Problem requirements:
Below are records with pictures; copy word for word only the lines between the line with "Coney. M, 1, So, Rf. Cephalopholis fulva ." and the line with "Finally, when the", inclusive, and drop the pictures.

(Excerpts from a dataset)
[Start of Attachment]

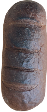
PUMPERNICKEL DELI 1166

INGREDIENTS: Unbleached unbromated wheat flour, rye flour, pumpernickel flour, filtered water, sea salt, caramel, ground caraway seed, yeast, cornmeal
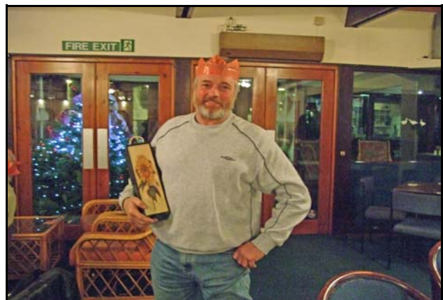
Who's a lucky boy then?
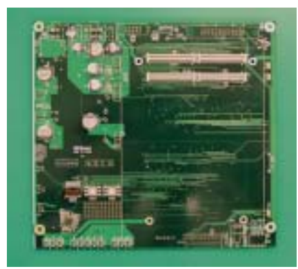
Lead-free PCB for advanced IC stepper
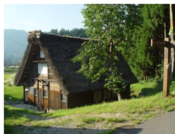
“Shirakawago Gassho style Heritage Center”

Visitors are able to learn about the way of traditional life in Shirakawa village. The historical house is now open to the public in summer season.
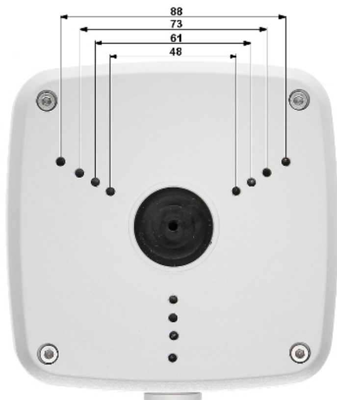
View of the ceiling mounting side:
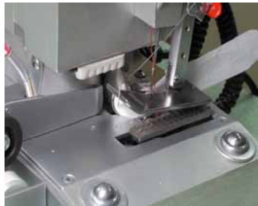
Wide pressure foot
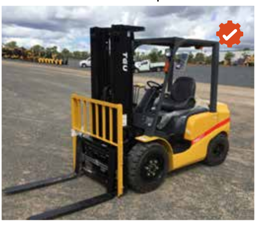
Unused – 2018 TEU FD30T Marketplace-E – Mar 19
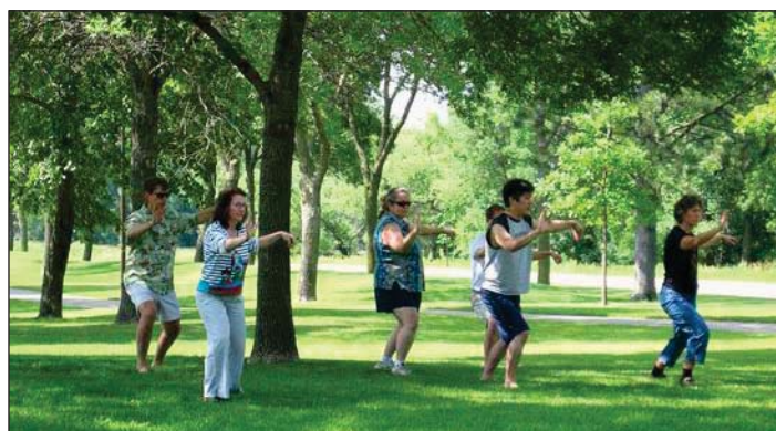
Downtown parks need to accommodate a variety of uses
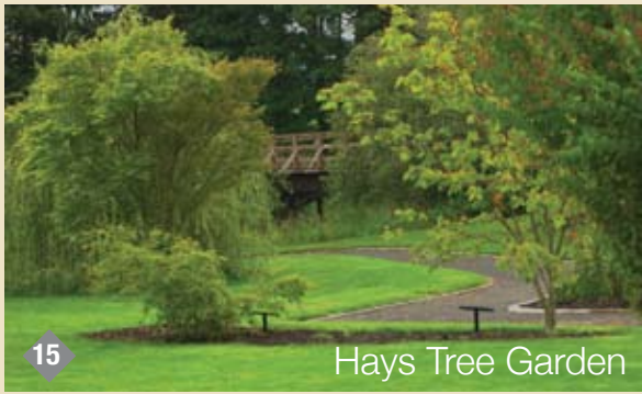
15 Hays Tree Garden
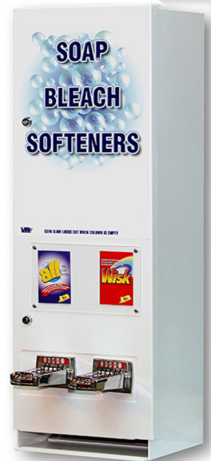
SPV2 - 2 Column
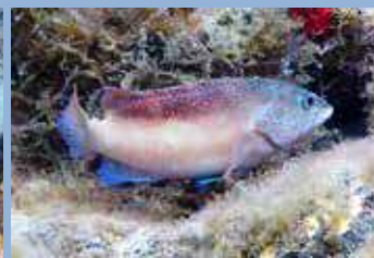
Coney. M, 1, So, Rf. Cephalopholis fulva .
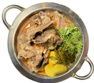
GAMJA HOTPOT | $38 감자탕 BRAISED PORK BONE, POTATO, NAPA CABBAGE, UGOJI
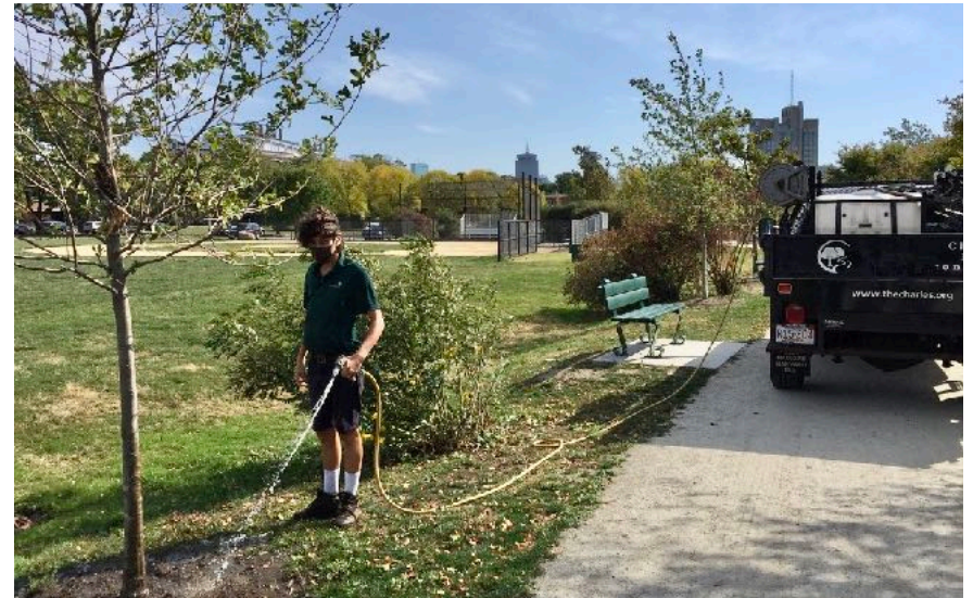
The CRC waters the new trees along the shoreline during the drought.

Finally, when the pandemic kept groups from engaging in clean ups of the park, we invited individuals to help, providing them with work gloves and trash bags. And many did!
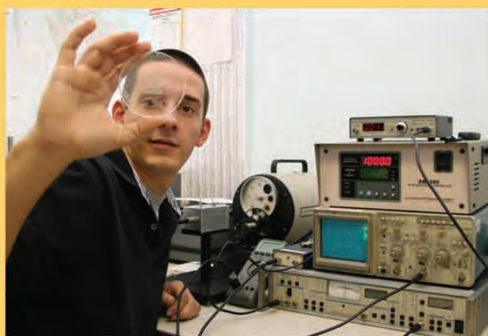
Associate Degree in Electrical Engineering, specializing in Robotics and Photonics

IRSC also offers Associate Degree programs for university transfer and career preparation in over 100 career fields including health care, technology, business and public service.
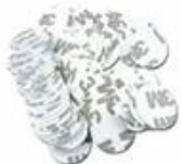
Coin Tag ID/IC 20mm
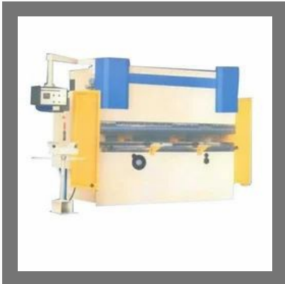
Hydraulic Press Brake
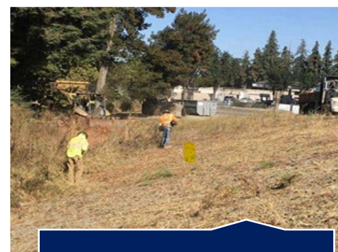
Project Site Cleanup
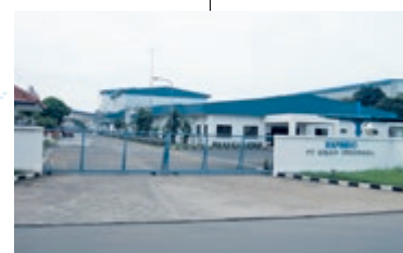
17 PT. RIKEN INDONESIA ★★

[End of Attachment]

Your response:
Coney. M, 1, So, Rf. Cephalopholis fulva .
GAMJA HOTPOT | $38 감자탕 BRAISED PORK BONE, POTATO, NAPA CABBAGE, UGOJI
The CRC waters the new trees along the shoreline during the drought.

Finally, when the pandemic kept groups from engaging in clean ups of the park, we invited individuals to help, providing them with work gloves and trash bags. And many did!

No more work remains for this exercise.